12 March 2010

Early Morning Television

I was up quite early this morning and decided to turn on the TV and channel surf for a bit.  I got to the Trinity Broadcasting Network, which was airing a show called "Creation in the 21st Century".  I caught the tail end of this show, and it made my brain hurt.  To me it demonstrated once again how the Theory of Evolution is mischaracterized by some outspoken Christians under the guise of "defending Scripture".

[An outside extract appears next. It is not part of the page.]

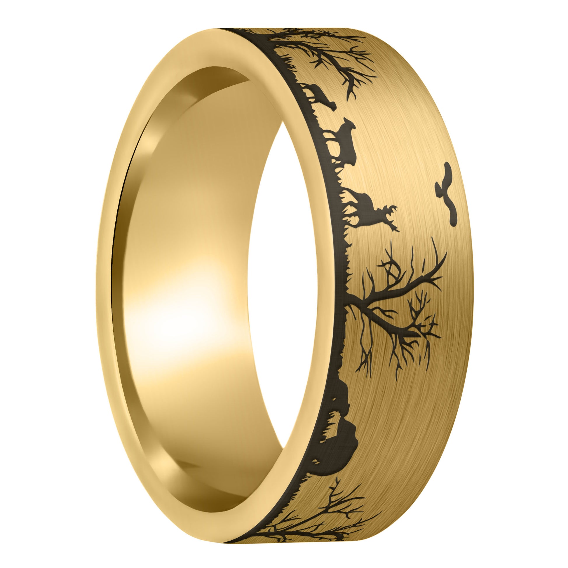 Alliance pour hommes en tungstène doré brossé avec scène d'animaux des prairies
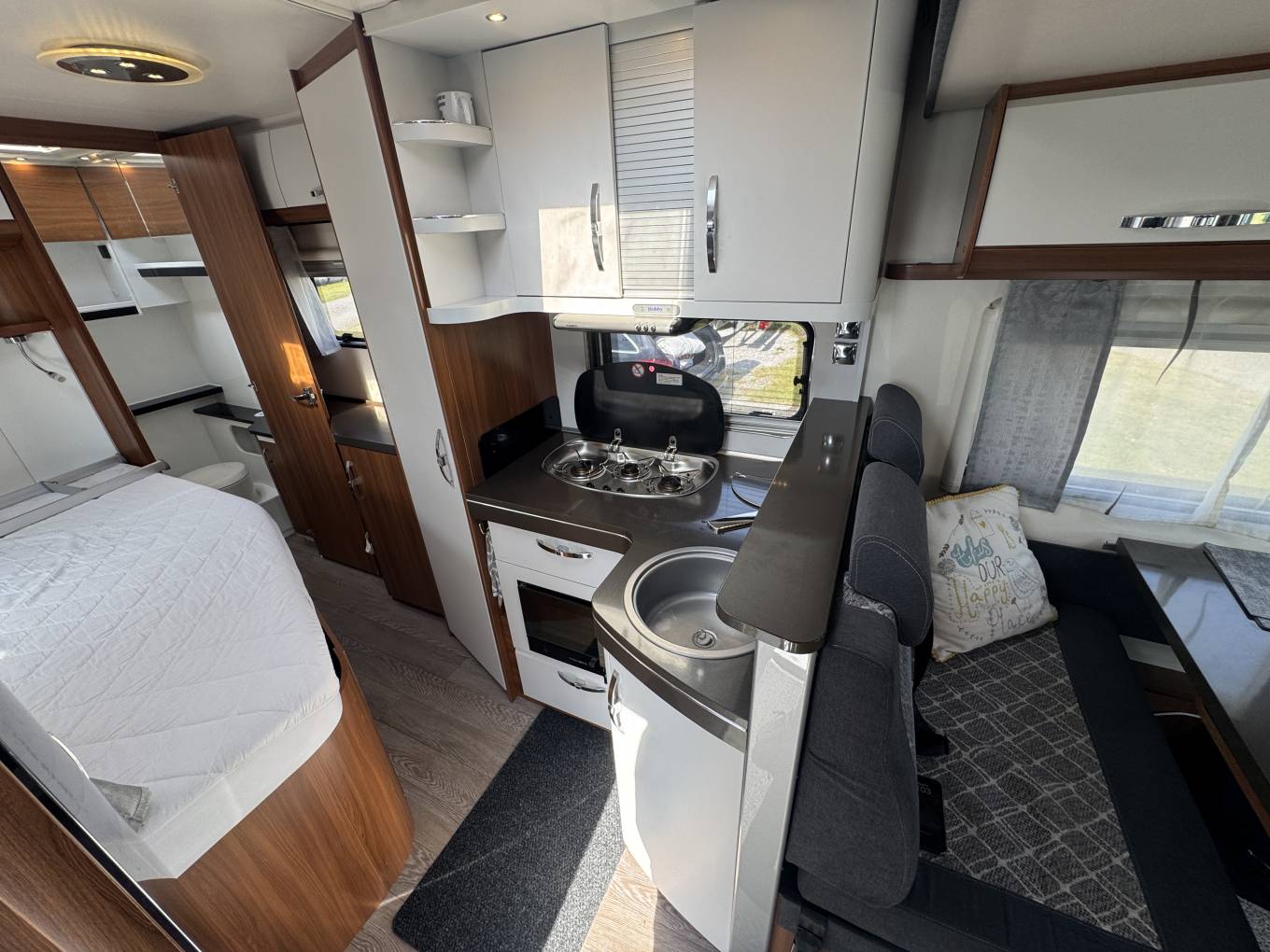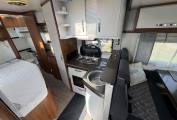The fully fitted kitchen includes a 3-ring gas hob, a Dometic oven/grill, stainless steel sink, and a full length Dometic fridge freezer, offering all the amenities needed for self sufficient travel.

(An aside: If you didn't already know this, I don't see a need to "defend" Scripture.  In my way of thinking, the Bible is indefensible solely because of the sheer passage of time.  We are two millennia removed from its final letter, and we live in a much different world today.  It wasn't written to give us an inside pseudo-secret knowledge to start or engage in arguments with people.  This approach is what plagues the Western Church and is leading to its demise.  The Bible was written and compiled to engender trust in Jesus the Christ.  People either trust or they don't.  I preach and proclaim the Gospel and leave it at that, and I teach and encourage others to do the same.)

If we Christians want to join in the "Creation vs. Evolution" debacle, fine!  But if we're going to build a case against Evolution,  let's make sure it's really Evolution, and not a caricature, that we're building a case against.

So, here's what the dude on the program said, "You were either created in an explosion, and no explosion in a printshop ever produced a Webster's Dictionary..."

Right, TV guy!  And it never will!!  Evolutionists are not saying that we were "created in an explosion".  What they are saying is that the atoms of elements (except hydrogen), which we find in the earth and in all sentient life, were forged in the core of a star (from carbon up to iron).  The star exploded (called a "supernova") and heavier elements were forged (such as gold and silver).  None of them are saying that there was a Big Bang and then, poof, all of sudden there were people.

Mathematical Cosmologist Brian Swimme puts what evolutionary scientists are saying like this, "Take a big ball of hydrogen gas, leave it alone for a few billion years, and you get rose bushes, giraffes, and human beings."  The printshop analogy from the TV guy turns out to be a misrepresentational parody of what evolutionary theory actually says.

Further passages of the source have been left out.